Dataset content
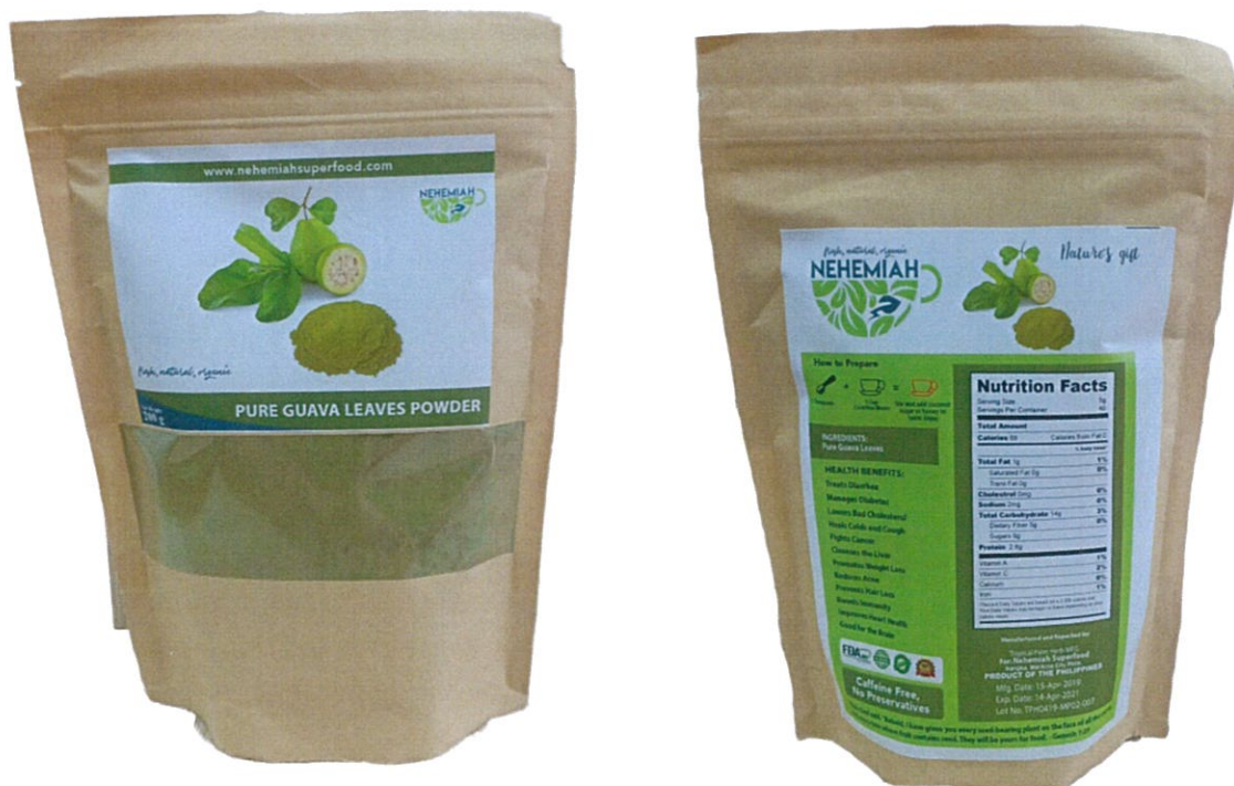
Figure 3. Unregistered NEHEMIAH Pure Guava Leaves Powder
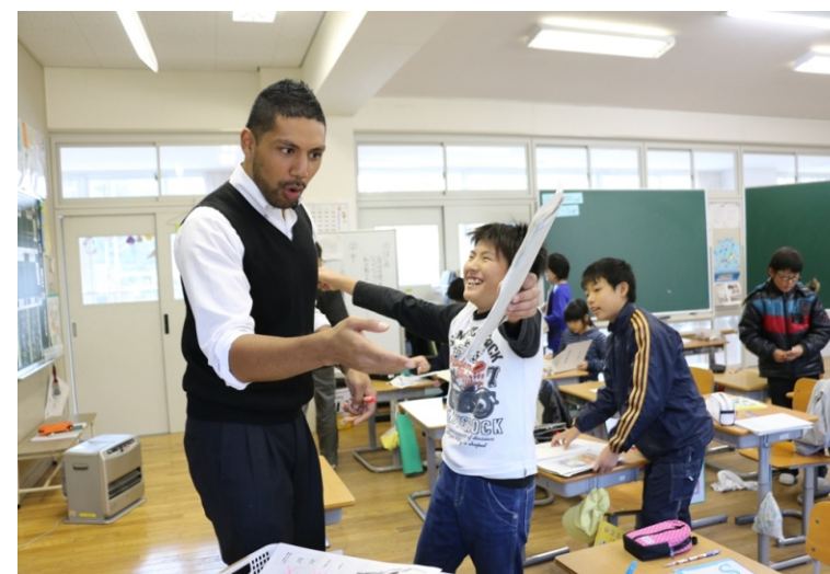
ALT assigned in Wakayama prefecture with his students

(re-appointments possible for a maximum of 5 years)

Instructions for the task
From the first line to the last, copy the listing above exactly, dropping all images.

Solution
Figure 3. Unregistered NEHEMIAH Pure Guava Leaves Powder
ALT assigned in Wakayama prefecture with his students

(re-appointments possible for a maximum of 5 years)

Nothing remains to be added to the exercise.